张跃峰的脚步停在青铜门前数十米之处,张日山落后他几步,站的位置稍远了些。
门扇上青绿色的微光像是整扇门的脉络和血管,一刻不停地流动着。
青绿色的铜锈几乎遍布了二人目之所及的每一寸空间,昭示着它在此地静默度过的漫长岁月。
“你知道这是何处吗?”
“听爹提起过,是青铜门,不过我当时太小,很多细节都记不得了。

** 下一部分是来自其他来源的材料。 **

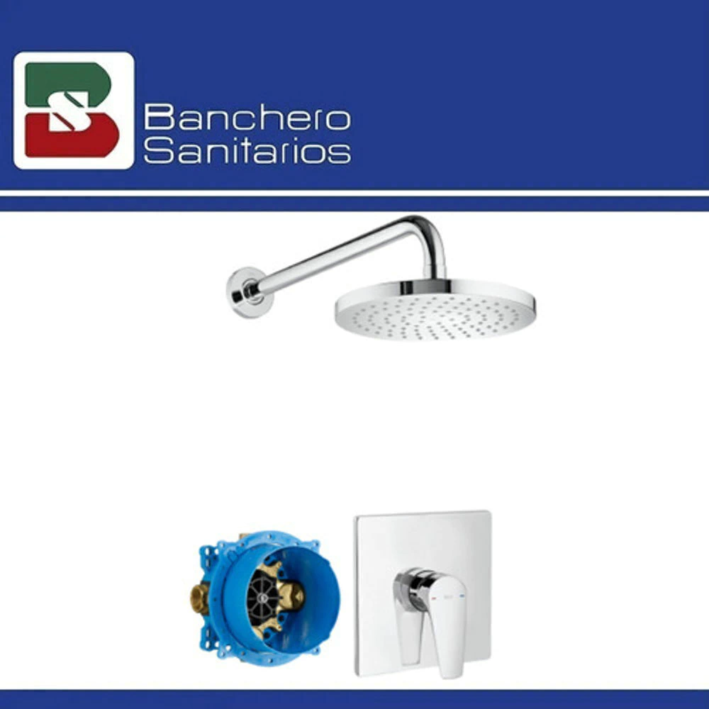 Kit empotrable para ducha, con brazo de ducha 400 mm, rociador RainSense Ø200 mm y RocaBox, sin transferencia. Marca Roca de la colección Atlas.

”
张跃峰仰首望向青铜门的顶端,粗略端详了一番这扇巨门。
张日山瞧着青铜门周遭终年不化的落雪,缓步走到了门边,虔诚地举起手掌贴在了布满铜绿的门上。
他的掌心贴上去的一瞬间,一道青绿色光芒宛若游龙一般沿着掌心窜到了他体内,眨眼间便隐没了踪迹。
无数不属于张日山的记忆仿佛遮天蔽日的浪潮,涌入他已然甚为浩瀚的记忆之海中,将他整个人淹没了。
青铜门,在低语。
这是一种他无法向旁人转述的语言,只有他自己一人能懂。
那些被割裂的画面逐渐流淌汇集于一处,像是拼图的碎片被重新找回,慢慢形成了一条壮阔的时光长河。
张日山在长河之中,看到了无数先人的面孔。
也包括他们张家的最后一任张起灵。
每一位来到此地的张家祖先都在此地停留了起码十年,期间也有一些不是张家血脉的人来过,可对于矗立在此不知多少年月的青铜门而言,都只是转瞬即逝的过客。
张日山心口处的搏动,倏然停滞了一秒。